Ditambahkan Syahrul, selain pembangunan PLTA Batang Toru, investor lain juga merencanankan akan membangun Pembangkit Listrik Tenaga Mikro Hidro (PLTMH) berkapasitas 20 MW di Kecamatan Aek Bilah pada tahun ini. Saat ini investor masih dalam tahap studi kelayakan. “Kita mendorong investor untuk berinvestasi di Tapsel ini dan berharap dua pembangkit listrik tersebut di akhir tahun 2011 ini sudah memasuki masa konstruksi,” harap Bupati.

Rencana pembangunan PLTA dan PLTMH tersebut, sebut Bupati, merupakan langkah kebijakan yang diambil pemerintah daerah dalam melakukan percepatan pembangunan. Apalagi, dua pembangkit listrik itu relatif lebih ramah lingkungan, karena sumber energinya adalah air sebagai penggerak turbin. Diharapkan dalam empat tahun ke depan, jika proses pembangunan pembangkit listrik tersebut berjalan baik, kebutuhan listrik daerah dengan sistem interconection untuk wilayah Tapsel sudah mencukupi. Bahkan, bisa menyuplai kebutuhan listrik untuk aktifitas tambang emas Batang Toru nantinya.

“Empat tahun ke depan kita berharap kebutuhan listrik di Tapsel tak perlu lagi subsidi dari daerah luar,” pungkas Bupati.
Kepala Dinas Pertambangan dan Energi (Distamben) Tapsel Ir Baduaman Siregar MM kepada METRO mengatakan, berdasarkan laporan dan penjelasan kemajuan dari survey yang dilakukan pihak PT North Sumatra Hydro Energy, ada tiga titik sumber air untuk dua power house (2 turbin) PLTA nantinya yaitu di Batang Toru (BT) 3 di Aek Nabara, BT 4 di Simaninggir, dan BT 5 di Huraba.

Baca Juga :  Prabowo-Hatta Menang Telak di Padangsidimpuan dan Tapsel

Hasil pengujian yang dilakukan, debit air BT 3 dan BT 4 sebesar 82 m3 per detik dan BT 5 sebesar 101 m3 per detik.
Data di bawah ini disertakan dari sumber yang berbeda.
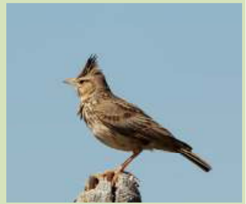
One of the commoner birds on the island we saw Crested larks everyday

This morning before breakfast we made a visit to Metochi Lake (Inland Lake). It's always best to visit early morning and we were not disappointed as we found at least 10 Little Bitterns , 4 Little Crakes , Red-rumped Swallows , Little Grebe , 12 or more Black-crowned Night Herons , Squacco Herons , several Sedge Warblers , and a couple of Great Reed Warblers that showed well. After a while, one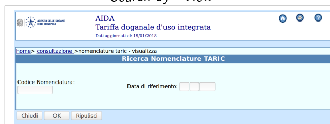
Search by "View"

In the Nomenclature Code field it is possible to insert the first 4 digits of a Combined Nomenclature code. For example, enter the code 8703. The portal will present the structure of the Combined Nomenclature associated with this code up to the 10-digit TARIC codes. The result of this research is presented in the following figure.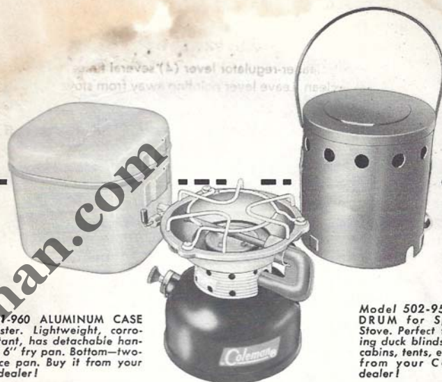
Model 501-960 ALUMINUM CASE for Sportster. Lightweight, corrosion resistant, has detachable handle. Lid is 6" fry pan. Bottom—two-quart sauce pan. Buy it from your Coleman dealer!

Close shut-off valve (1) by turning valve wheel to the right. Unscrew filler cap (2). With stove in level position, fill with clean, fresh fuel. Fount holds approximately one pint. Replace filler cap and tighten firmly with fingers. Never remove filler cap while the stove is lighted.

Sungai Batang Toru tempat rencana titik sumber air pendorong turbin PLTA nantinya kedalamannya sekitar 2-3 meter, dengan lebar sungai antara 30-50 meter. “Dari penjelasan pihak PT North Sumatra Hydro Energy, jika PLTA ini sudah berdiri, bisa memenuhi listrik sekitar tiga daerah tingkat dua dengan kondisi daerah seperti Tapsel,” terang Baduaman, kemarin. Kemudian, direncanakan juga, proses pembangunan PLTA ini dimulai tahun mendatang, sehingga dalam tiga atau empat tahun ke depan nantinya sudah selesai. Diharapkan pada tahun 2016 mendatang sudah bisa dimanfaatkan oleh masyarakat luas.

“Energi listriknya nantinya interkoneksi ke PLN wilayah Sumatera,” tutur Baduaman. Perkiraan dana pembangunan PLTA tersebut disesuaikan dengan kurs dollar saat ini, untuk BT 3 dan BT 4 bernilai sekitar Rp3,08 triliun, dan BT 5 sekitar Rp879 miliar. Sehingga totalnya sekitar Rp3,9 triliun. (neo) (metrosiantar.com)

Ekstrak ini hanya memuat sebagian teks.